Task details =>
Below are some records. Return exactly their lines from the one containing "This page presents" through the one containing "- Lounge with", and drop the pictures.

Records shown =>
====
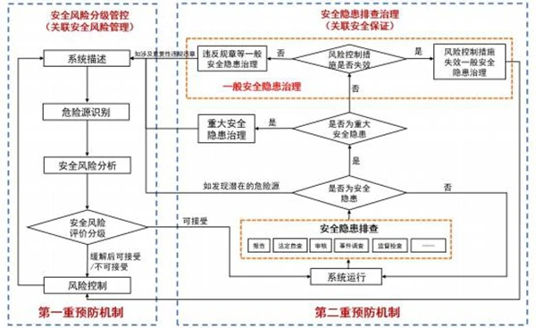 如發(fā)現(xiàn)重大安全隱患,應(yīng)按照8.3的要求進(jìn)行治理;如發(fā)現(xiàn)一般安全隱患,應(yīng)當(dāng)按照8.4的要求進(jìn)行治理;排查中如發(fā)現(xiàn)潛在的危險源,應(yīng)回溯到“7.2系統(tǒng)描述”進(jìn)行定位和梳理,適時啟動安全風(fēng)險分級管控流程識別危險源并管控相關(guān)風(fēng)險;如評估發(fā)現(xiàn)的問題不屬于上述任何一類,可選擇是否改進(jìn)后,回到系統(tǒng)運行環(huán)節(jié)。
====
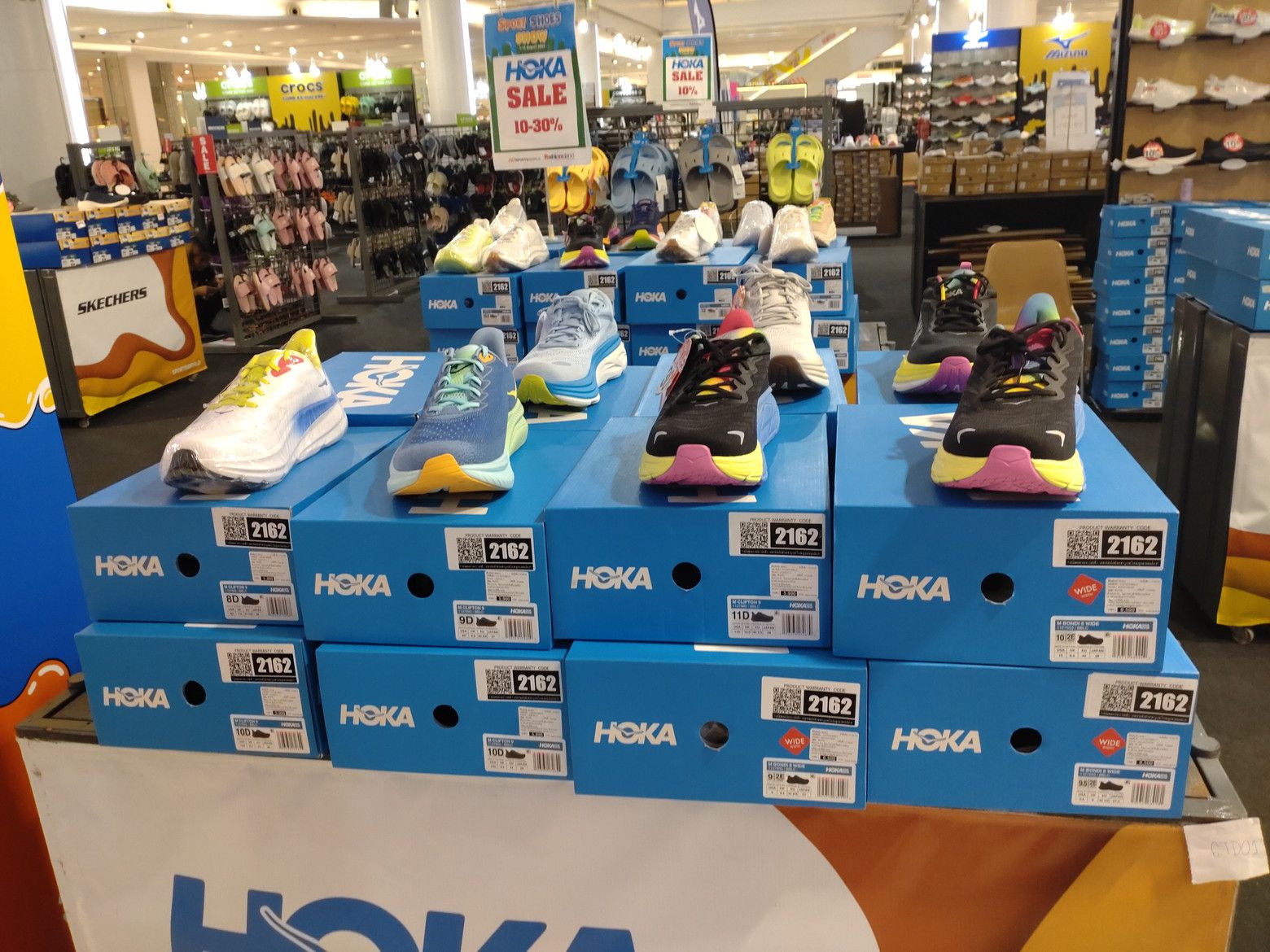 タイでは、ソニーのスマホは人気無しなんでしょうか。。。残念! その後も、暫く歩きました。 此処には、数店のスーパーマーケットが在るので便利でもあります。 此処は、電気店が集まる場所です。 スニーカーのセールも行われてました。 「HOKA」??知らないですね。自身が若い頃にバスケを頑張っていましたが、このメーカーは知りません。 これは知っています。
====
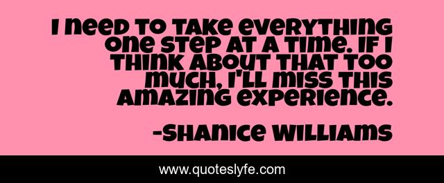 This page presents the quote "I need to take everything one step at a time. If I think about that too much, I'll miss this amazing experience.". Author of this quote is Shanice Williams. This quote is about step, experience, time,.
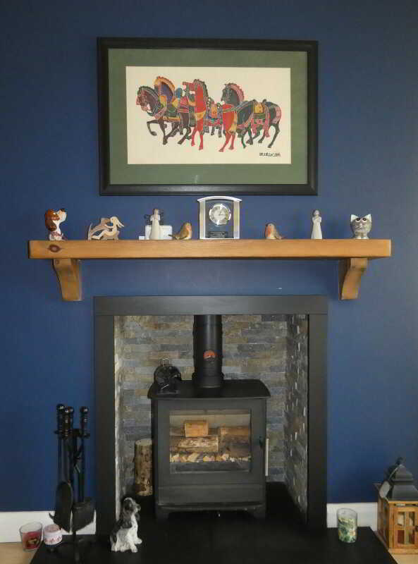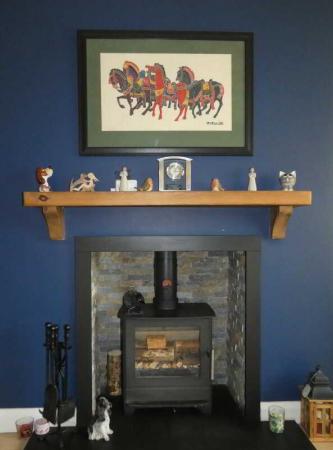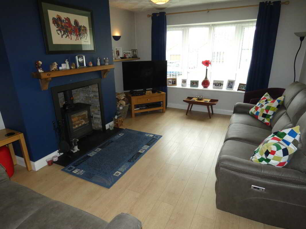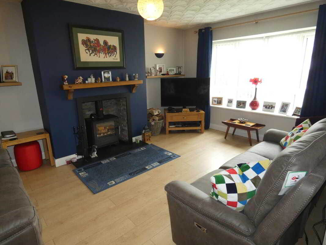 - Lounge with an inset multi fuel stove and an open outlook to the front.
====
Task answer =>
 This page presents the quote "I need to take everything one step at a time. If I think about that too much, I'll miss this amazing experience.". Author of this quote is Shanice Williams. This quote is about step, experience, time,.
 - Lounge with an inset multi fuel stove and an open outlook to the front.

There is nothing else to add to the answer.